I don’t know how electric cars market will look like in 10-20 years. But I know that if the market remains small, then Tesla’s electric cars sales will remain small relative to other carmakers’. If the market becomes huge, gaining market share from petrol powered cars, then other carmakers will compete aggressively, coming out with many new electric car models at more affordable prices. Tesla may have early leads and brands for now, but if many carmakers make electric cars, price wars will occur, and mass consumers will have plenty of options to choose from. In either case, Tesla’s chance of commanding and maintaining dominant market share is slim to nearly none.

Tesla’s is not likely to be the “iPhone” in electric car market. In smartphone market, iPhone commands premium pricing and has loyal fans. Afterall, the price difference between iPhone and another phone (Samsung, LG, Huawei, Oppo, Vivo, etc) is just few hundred dollars. People are willing to pay extra to own the premium brand. In cars, it costs a lot more to own premium brand (easily more than one year of saving for most people). It costs even way more to own electric cars compared to normal petrol fueled cars (as of now). Therefore, Tesla’s market is likely to be limited to the well-off people only.

All my thoughts can be wrong. Tesla could indeed be worth so much. It does not matter to me because I don’t own the shares nor short the shares. The point I want to bring is irrationally high price can get even more irrationally higher. If you want to short, you better know your risk.

Example 2 – Amazon

Amazon is worth 437 billion now. Since its IPO in 1997, the share price has risen by 522x! It made 136bn revenue and 2.4bn net profit in 2016, both at record high in its operating history. That makes its current P/E at 184x!

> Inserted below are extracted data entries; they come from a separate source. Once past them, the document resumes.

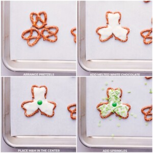 - PREP: Line a rimmed baking sheet with parchment paper and arrange pretzel twists in the shape of a shamrock. In this post, I used three pretzels per Shamrock, but a four-leaf clover could also be fun!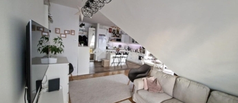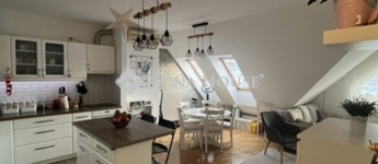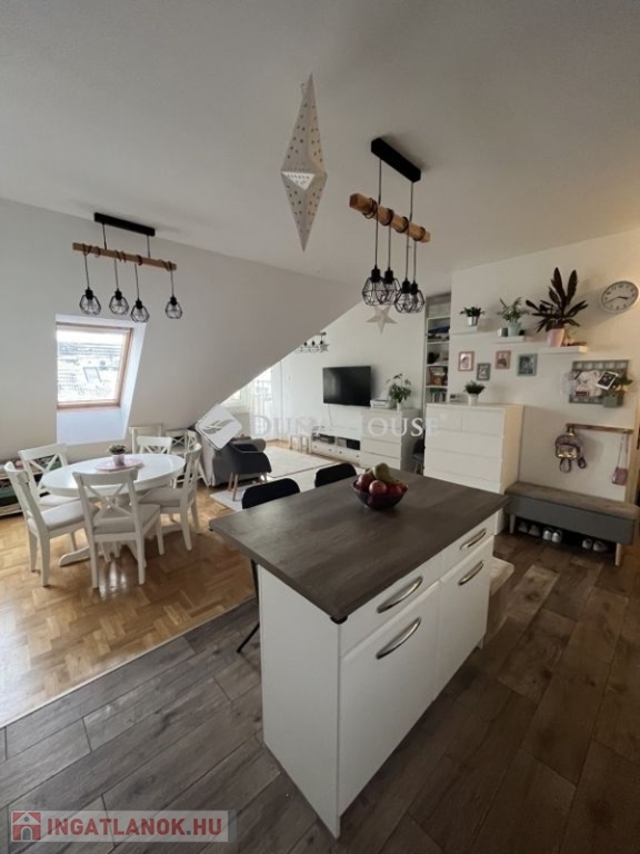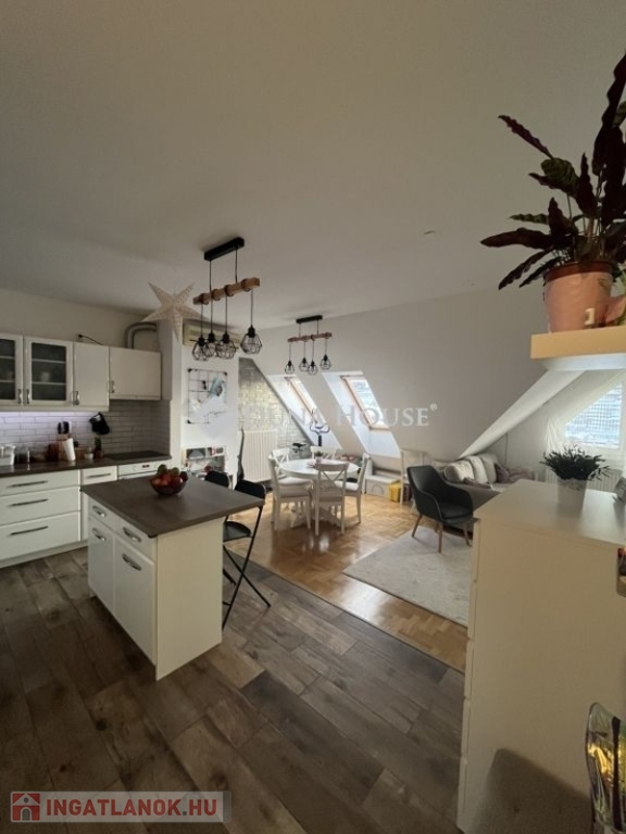 Tetőtéri elhelyezkedés egész nap világos, napfényes terek, a kialakítás miatt a térérzet a tulajdoni lapon szereplő méretnél nagyobb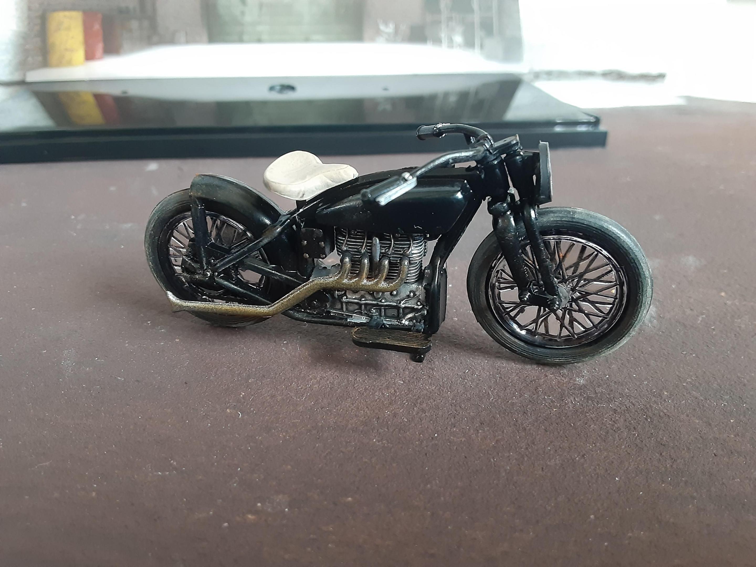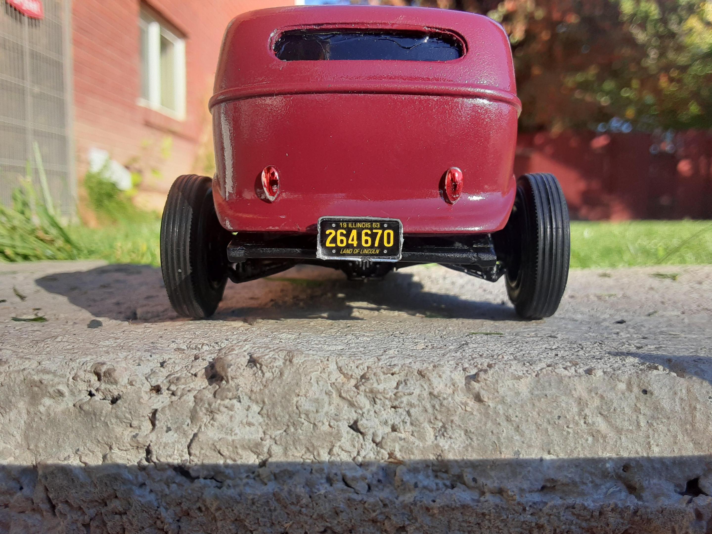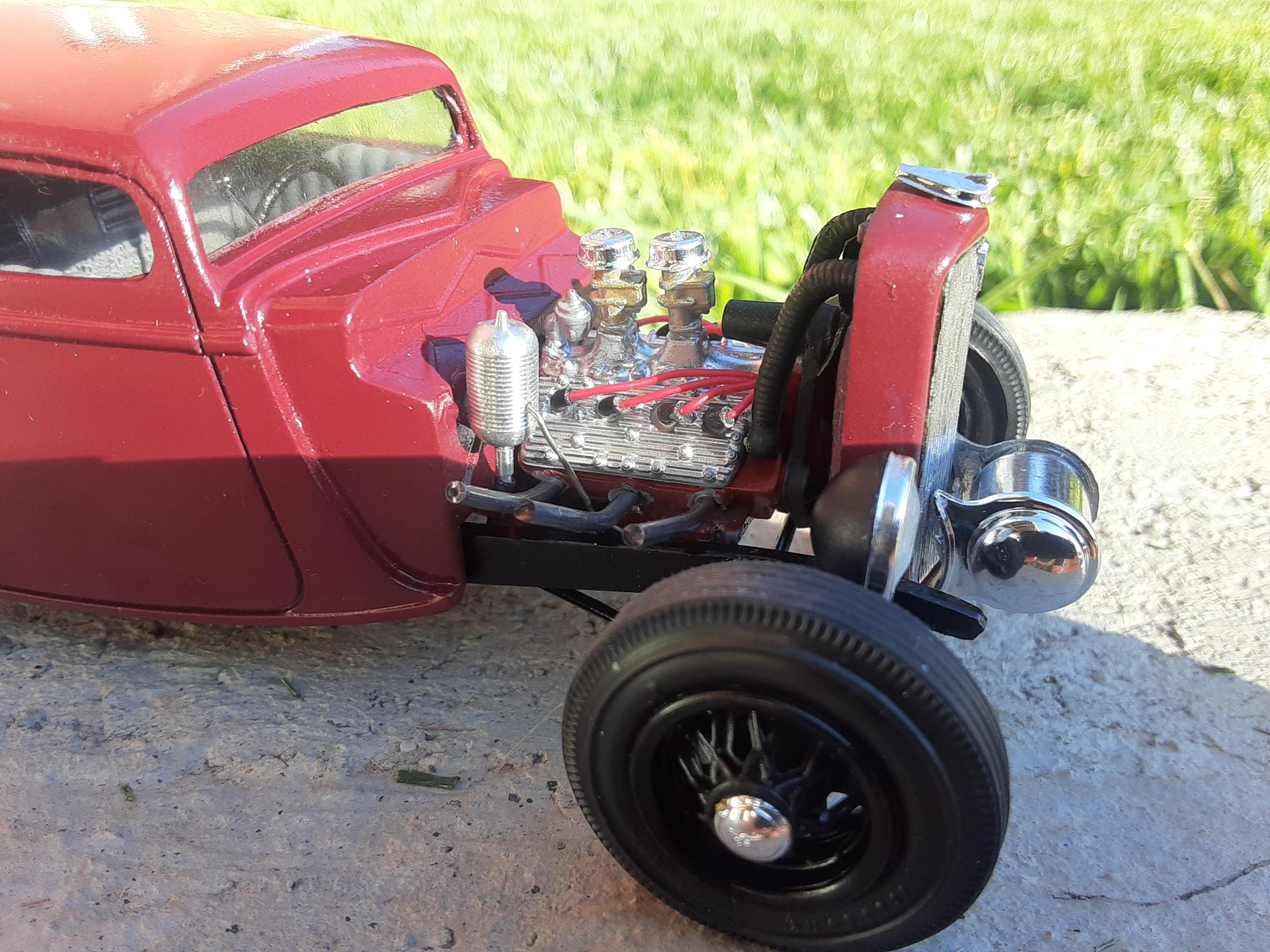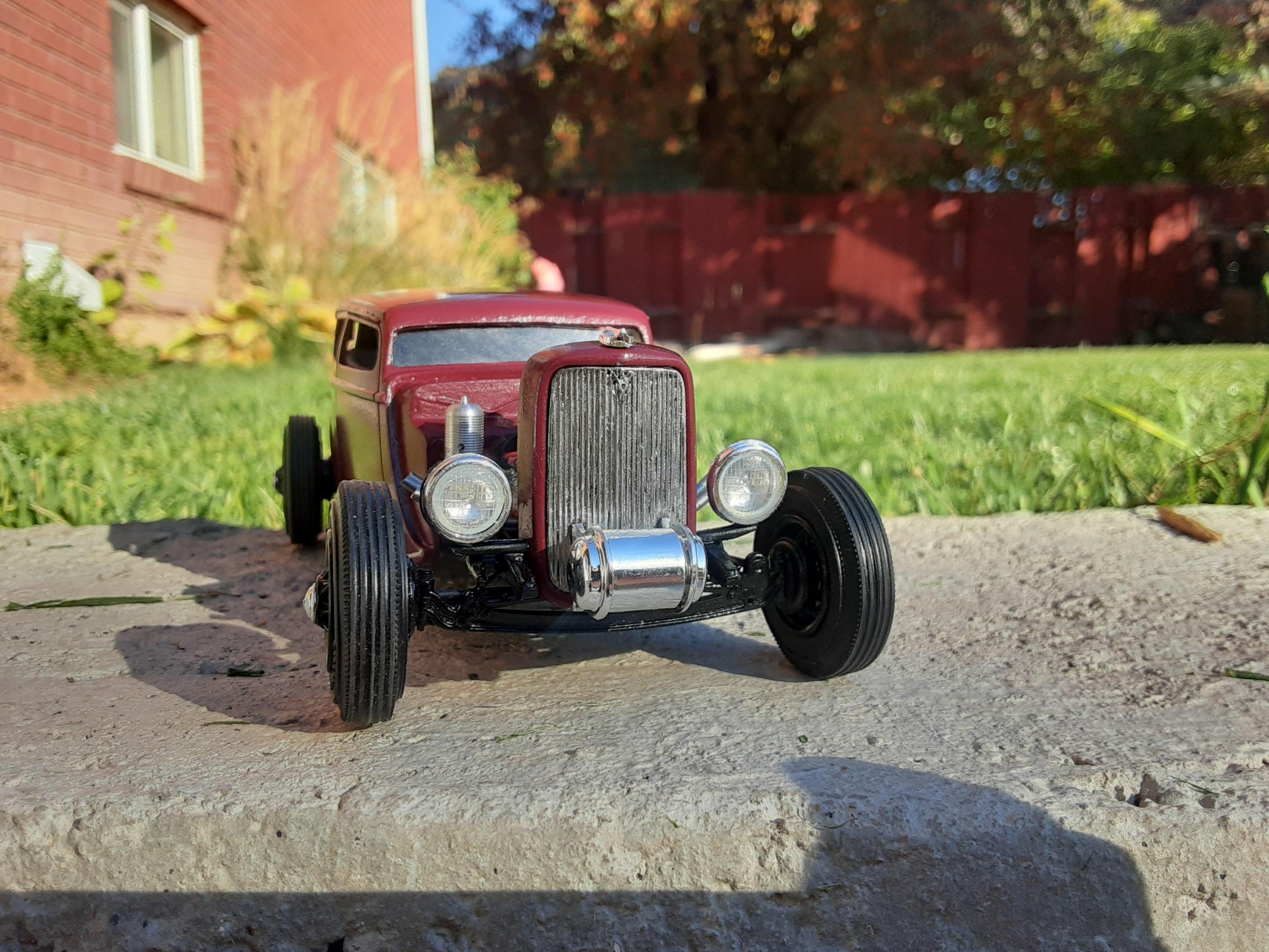 Got this one finished this morning. The frame frame and wheels are from a lindberg '34 ford pickup. Used the optional lowering front axel. The rear axel is an iceman quick-change. I used the buggy spring and rear frame cross member from a revell '29 ford ratrod kit. The engine is a parts box special, wired up with "parts by parks" oil filter. The headers are solder wire. Scratch built interior tub, the door panels are made from a t-bucket tub, seats from the 29 ford rat rod kit, 34 pickup dash, and a '39 ford steering wheel. Tear drop tail-lights, '34 ford truck grill and headlights, moon tank, jimmy flinstone body -

Amazon - Share Price - 2017-04-11.PNG

For comparison, Wal-mart, the world’s largest retailer, made 480-486bn revenue and 13.6-16.4bn net profit over the past 3 years. That means both the revenues and net profits were “relatively” stable over the past 3 years. But, its current market value of 222bn is just nearly half of Amazon’s.

Amazon is another case of technology company with huge growth potential, highly priced by the market, has many short sellers, and whose share price continues to rise years after years. Any short sellers will have be burnt and forced to cover the short, and they would be glad they did.

Bull arguments on Amazon will argue that Amazon’s revenue is growing fast, it is taking shares away from traditional retailers, etc. Bear arguments will argue that Amazon’s profit margin is too tiny and can continue to remain tiny, it has high P/E ratio, etc.

With more than a decade of fast rising share price, no matter how good your bear arguments are, if you short it, you lose money. Even if the Bear turns out to be right several years from now (Amazon’s share price has to drop significantly for the Bear to be right), the Bear are not likely to get any rewards because he/she would have covered the short position by then.

There are many examples where the irrationally high price rises to even more irrational. I just mentioned these two that are the hottest and among the largest market cap.

Long vs Short

Short-sellers can get the reward of making money when share price is crashing and everyone else is losing money. But it comes with the risk of being wrong for a looooong time and at some point being forced to cover or lose more than the initial investment. As the irrational market becomes more irrational (high becomes higher), short sellers will be forced to quit. There is no limit how irrationally high the price can get.

Long only investors can also be wrong for a long time but he can’t lose more than what he invested. If the company continues doing well while the share price is falling, at some point, the attractive dividend yield or accumulating cash holding will attract more buyers to buy the stocks. As the irrational market becomes more irrational (low becomes lower), it will attract more people to eventually buy. There is a limit how irrationally low the price can get, which is zero. The market will not let such a company, with tangible assets and making profits, go to zero value.